Unfortunately, most of the Ask Slashdot's are so lame they can be answered with a simple google search.

The editor that posts the Ask Slashdot should first see if he can easily answer the question with a google search before posting the article.

--

"And like that ... he's gone."
Re:How 'common' do you need it? by mabinogi · 2002-11-11 22:23 · Score: 4, Insightful

> Unfortunately, most of the Ask Slashdot's are so lame they can be answered with a simple google search.

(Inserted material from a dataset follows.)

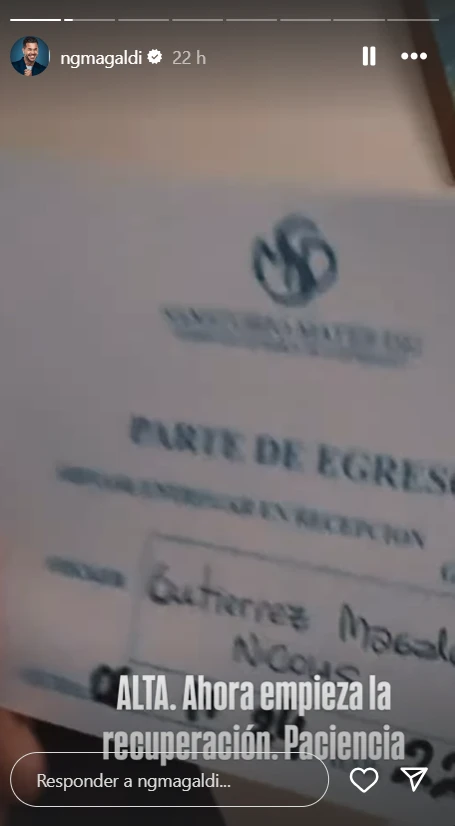 "A veces uno se debe ese descanso, ese espacio para respirar y reconocer lo lejos que ha llegado. Es aprender que la fortaleza no está solo en avanzar, sino en el valor de saber cuándo es momento de detenerse, cuando el cuerpo pide sanar. Porque liderar no siempre significa correr más rápido. A veces, liderar es saber cuándo reducir el paso y mostrar a los demás que la verdadera fortaleza está en cuidarse, en sanar para seguir construyendo, ahora con más salud y claridad que nunca. Hoy el camino sigue, pero sin dolor. ¿Vos ya hiciste tu pausa? Un abrazo a todos", concluyó Magaldi.

But someone submitting a question to Ask Slashdot doesn't want a bunch of links from Google, they want opinions...opinions from real people that may or may not (most likely) know what they're talking about.
They want discussion.....you cant get that by searching on google...

--
Advanced users are users too!
Re:How 'common' do you need it? by tswinzig · 2002-11-12 01:15 · Score: 2

They want discussion.....you cant get that by searching on google...

Yes, you can!

--

"And like that ... he's gone."

Have you tried by Apreche · 2002-11-11 15:48 · Score: 2

the world almanac? Oh no, a book? made of paper? what's that? Just because it isn't in digital form doesn't mean it's not out there. Try the public library sometime.

--
The GeekNights podcast is going strong. Listen!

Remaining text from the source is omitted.